Copy out the data word for word. The images are not part of the copy.

(Records from a data collection)
※
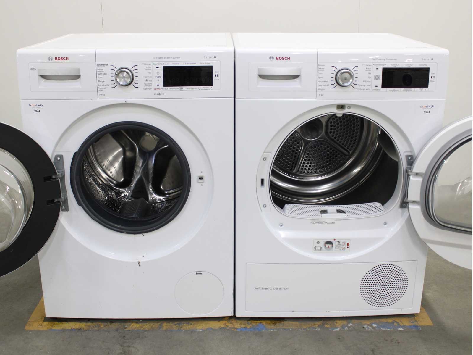 Deze wasmachine en wasdroger komen uit een partij jong gebruikt A-Merk witgoed. De machines zijn volledig getest, gereinigd en indien nodig gerepareerd. Houdt er rekening mee dat de machines lichte gebruikssporen kunnen hebben. Wasmachines en wasdrogers hebben vaak standaard afmetingen. Hoogte 85cm, Breedte 60cm en Diepte 60 tot 70cm, incl. uitstekende slangen e.d. aan de achterzijde. Als de machine vrij komt te staan is de afmeting minder relevant. Wil je de machine in een nis plaatsen of inbouwen? Controleer dan de exacte afmetingen op basis van het aangeboden merk en model/type. Within 7 days Merk: Bosch Serienummer: WAW32642NL/09 en WTW87562NL
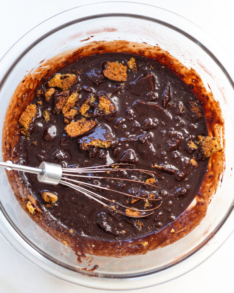 - In a separate bowl, mix together the condensed milk, bourbon, and cocoa powder until it is smooth.
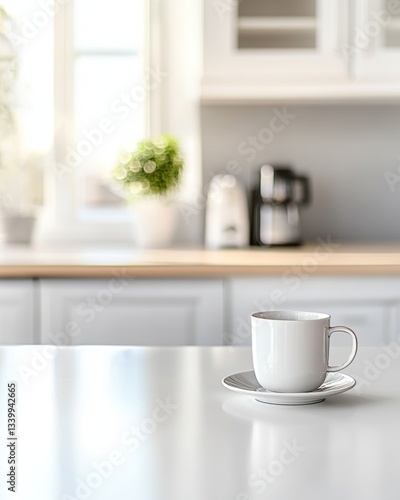 © snezhkina, Obraz premium Front View On An Empty White Glossy Kitchen Table
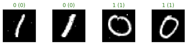 color=("green" if labels[idx].item()==preds[idx].item() else "red"))
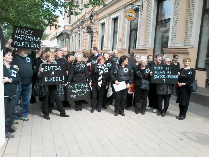 Péntek délután “Feketeruhás villámcsődület”-re hívták a debreceni lakosokat, csatlakozva az országos akcióhoz. Kezdeményezték, legyen április 15-e Debrecenben is a feketeruhás szolidaritás napja! A szervezők azt kérték, mindenki fejezze ki szolidaritását Sándor Máriával, öltözzünk feketébe, tűzzük ki az összefogás fekete-fehér szalagját. Fejezzük ki, hogy együtt érzünk Sándor Máriával, az egészségügy áldozataival és mellőzöttjeivel.
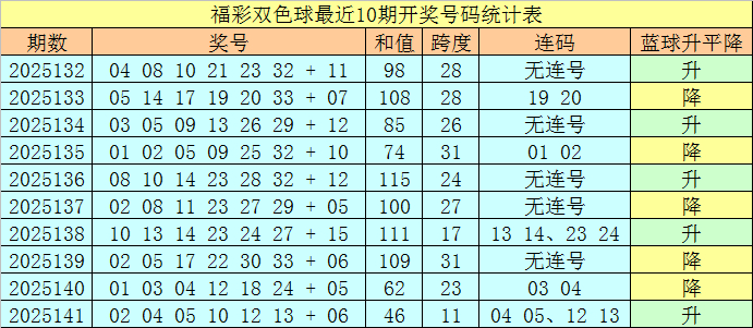 上期开奖:福彩双色球第2025141奖号开出:02 04 05 10 12 13 + 06,红球号码和值为46,首尾间距为11,包含连号:04 05、12 13。
※
Answer section:
 Deze wasmachine en wasdroger komen uit een partij jong gebruikt A-Merk witgoed. De machines zijn volledig getest, gereinigd en indien nodig gerepareerd. Houdt er rekening mee dat de machines lichte gebruikssporen kunnen hebben. Wasmachines en wasdrogers hebben vaak standaard afmetingen. Hoogte 85cm, Breedte 60cm en Diepte 60 tot 70cm, incl. uitstekende slangen e.d. aan de achterzijde. Als de machine vrij komt te staan is de afmeting minder relevant. Wil je de machine in een nis plaatsen of inbouwen? Controleer dan de exacte afmetingen op basis van het aangeboden merk en model/type. Within 7 days Merk: Bosch Serienummer: WAW32642NL/09 en WTW87562NL
 - In a separate bowl, mix together the condensed milk, bourbon, and cocoa powder until it is smooth.
 © snezhkina, Obraz premium Front View On An Empty White Glossy Kitchen Table
 color=("green" if labels[idx].item()==preds[idx].item() else "red"))
 Péntek délután “Feketeruhás villámcsődület”-re hívták a debreceni lakosokat, csatlakozva az országos akcióhoz. Kezdeményezték, legyen április 15-e Debrecenben is a feketeruhás szolidaritás napja! A szervezők azt kérték, mindenki fejezze ki szolidaritását Sándor Máriával, öltözzünk feketébe, tűzzük ki az összefogás fekete-fehér szalagját. Fejezzük ki, hogy együtt érzünk Sándor Máriával, az egészségügy áldozataival és mellőzöttjeivel.
 上期开奖:福彩双色球第2025141奖号开出:02 04 05 10 12 13 + 06,红球号码和值为46,首尾间距为11,包含连号:04 05、12 13。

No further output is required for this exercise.